■ Work to be completed:
The whole listing should be retyped word for word, apart from the pictures it holds.

■ Dataset excerpt:
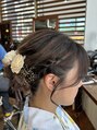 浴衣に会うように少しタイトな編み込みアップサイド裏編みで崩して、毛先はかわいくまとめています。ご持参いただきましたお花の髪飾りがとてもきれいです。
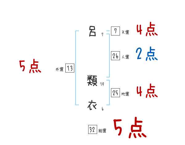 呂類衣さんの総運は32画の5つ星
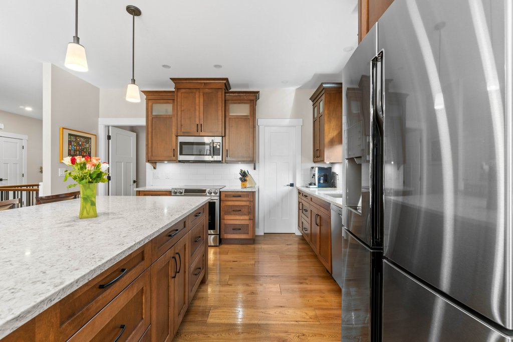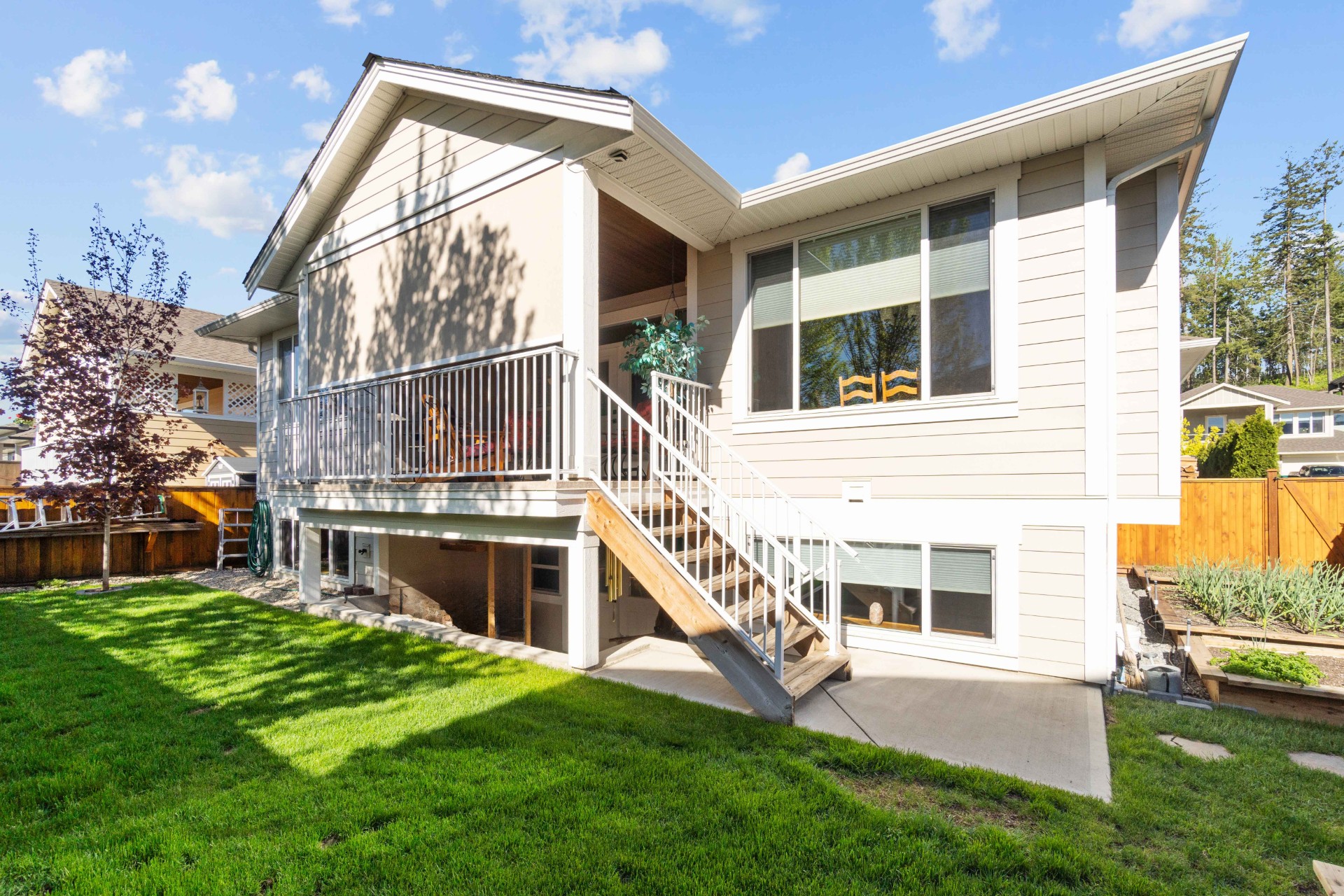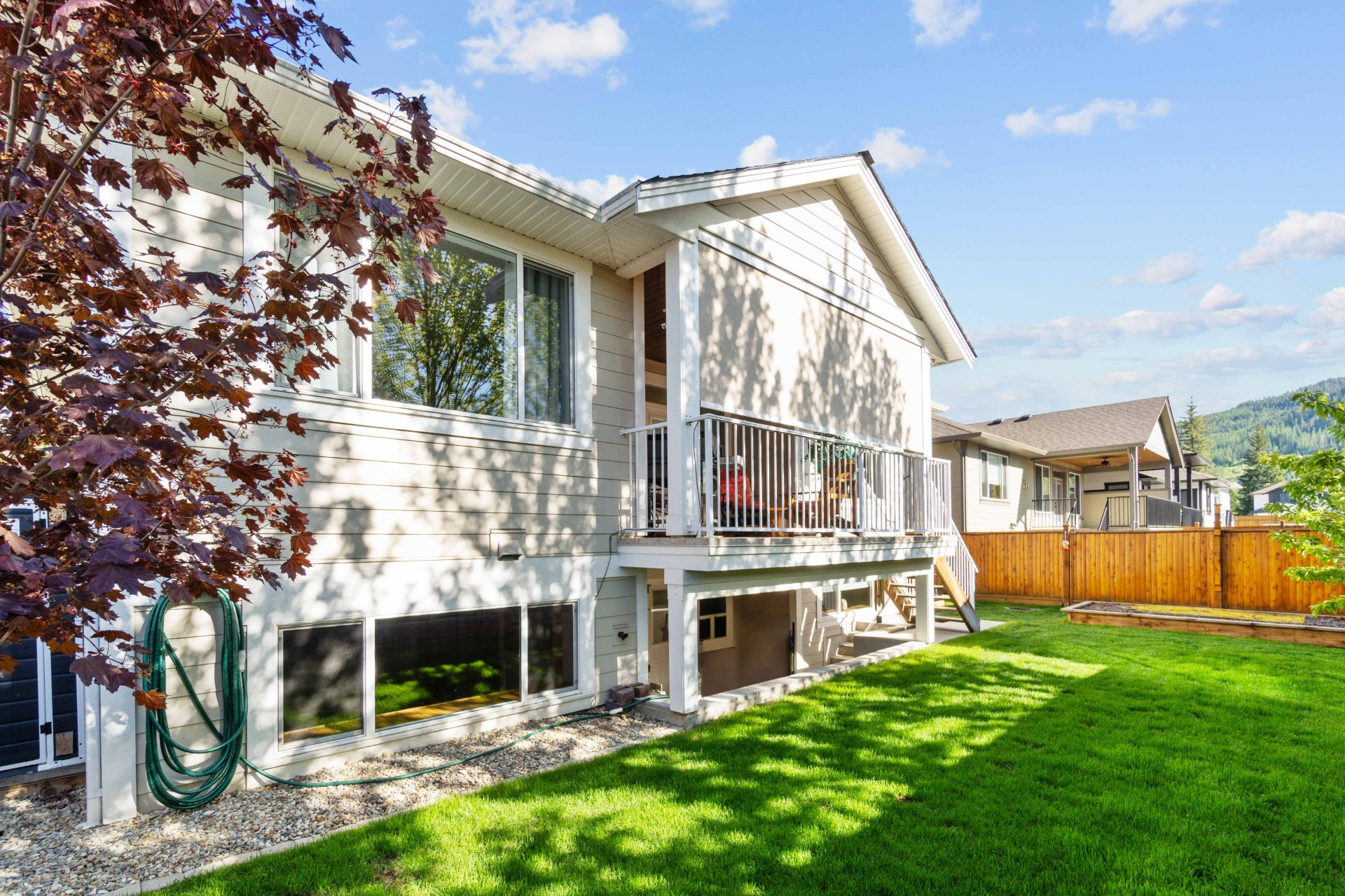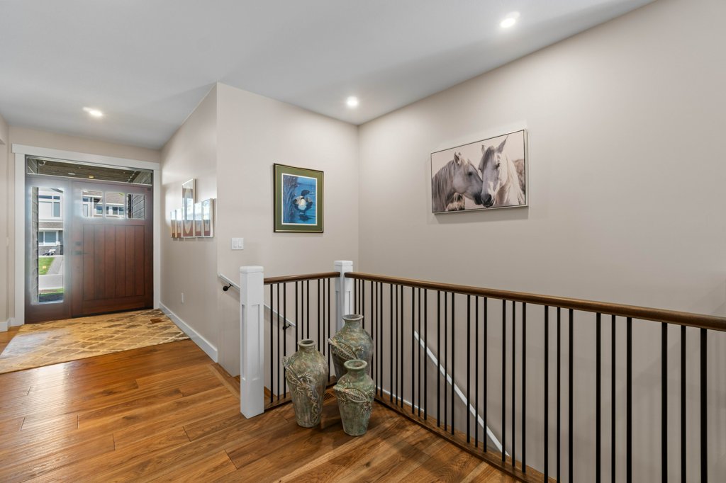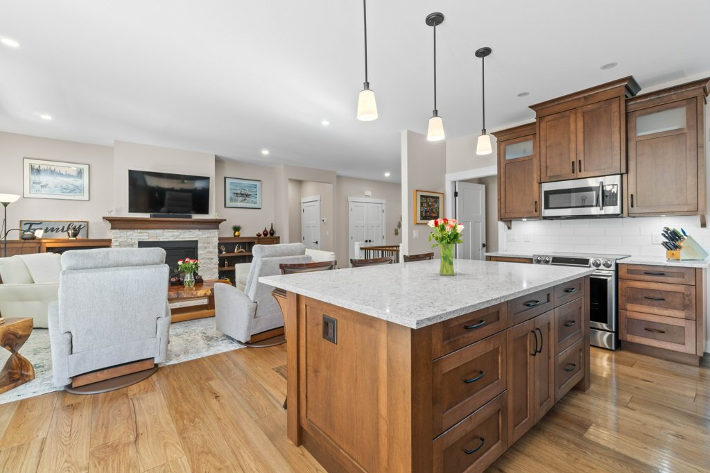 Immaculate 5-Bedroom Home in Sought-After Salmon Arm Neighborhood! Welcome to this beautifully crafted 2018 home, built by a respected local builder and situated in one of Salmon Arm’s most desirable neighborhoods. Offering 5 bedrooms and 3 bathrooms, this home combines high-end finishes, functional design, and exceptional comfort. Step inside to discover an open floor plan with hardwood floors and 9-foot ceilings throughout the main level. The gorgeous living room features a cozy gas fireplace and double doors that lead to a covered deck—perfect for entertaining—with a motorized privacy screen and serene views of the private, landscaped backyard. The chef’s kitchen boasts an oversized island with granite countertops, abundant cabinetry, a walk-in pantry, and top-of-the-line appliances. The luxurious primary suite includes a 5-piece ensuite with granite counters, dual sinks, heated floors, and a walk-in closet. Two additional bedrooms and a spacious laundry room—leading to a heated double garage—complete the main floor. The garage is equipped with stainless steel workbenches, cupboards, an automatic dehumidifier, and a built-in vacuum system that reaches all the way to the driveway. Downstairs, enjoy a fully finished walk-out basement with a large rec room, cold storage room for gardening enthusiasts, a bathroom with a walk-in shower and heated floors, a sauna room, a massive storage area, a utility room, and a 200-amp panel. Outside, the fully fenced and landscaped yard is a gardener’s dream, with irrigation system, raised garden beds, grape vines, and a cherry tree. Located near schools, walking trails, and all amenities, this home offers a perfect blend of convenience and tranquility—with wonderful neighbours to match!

■ Response:
 浴衣に会うように少しタイトな編み込みアップサイド裏編みで崩して、毛先はかわいくまとめています。ご持参いただきましたお花の髪飾りがとてもきれいです。
 呂類衣さんの総運は32画の5つ星
 Immaculate 5-Bedroom Home in Sought-After Salmon Arm Neighborhood! Welcome to this beautifully crafted 2018 home, built by a respected local builder and situated in one of Salmon Arm’s most desirable neighborhoods. Offering 5 bedrooms and 3 bathrooms, this home combines high-end finishes, functional design, and exceptional comfort. Step inside to discover an open floor plan with hardwood floors and 9-foot ceilings throughout the main level. The gorgeous living room features a cozy gas fireplace and double doors that lead to a covered deck—perfect for entertaining—with a motorized privacy screen and serene views of the private, landscaped backyard. The chef’s kitchen boasts an oversized island with granite countertops, abundant cabinetry, a walk-in pantry, and top-of-the-line appliances. The luxurious primary suite includes a 5-piece ensuite with granite counters, dual sinks, heated floors, and a walk-in closet. Two additional bedrooms and a spacious laundry room—leading to a heated double garage—complete the main floor. The garage is equipped with stainless steel workbenches, cupboards, an automatic dehumidifier, and a built-in vacuum system that reaches all the way to the driveway. Downstairs, enjoy a fully finished walk-out basement with a large rec room, cold storage room for gardening enthusiasts, a bathroom with a walk-in shower and heated floors, a sauna room, a massive storage area, a utility room, and a 200-amp panel. Outside, the fully fenced and landscaped yard is a gardener’s dream, with irrigation system, raised garden beds, grape vines, and a cherry tree. Located near schools, walking trails, and all amenities, this home offers a perfect blend of convenience and tranquility—with wonderful neighbours to match!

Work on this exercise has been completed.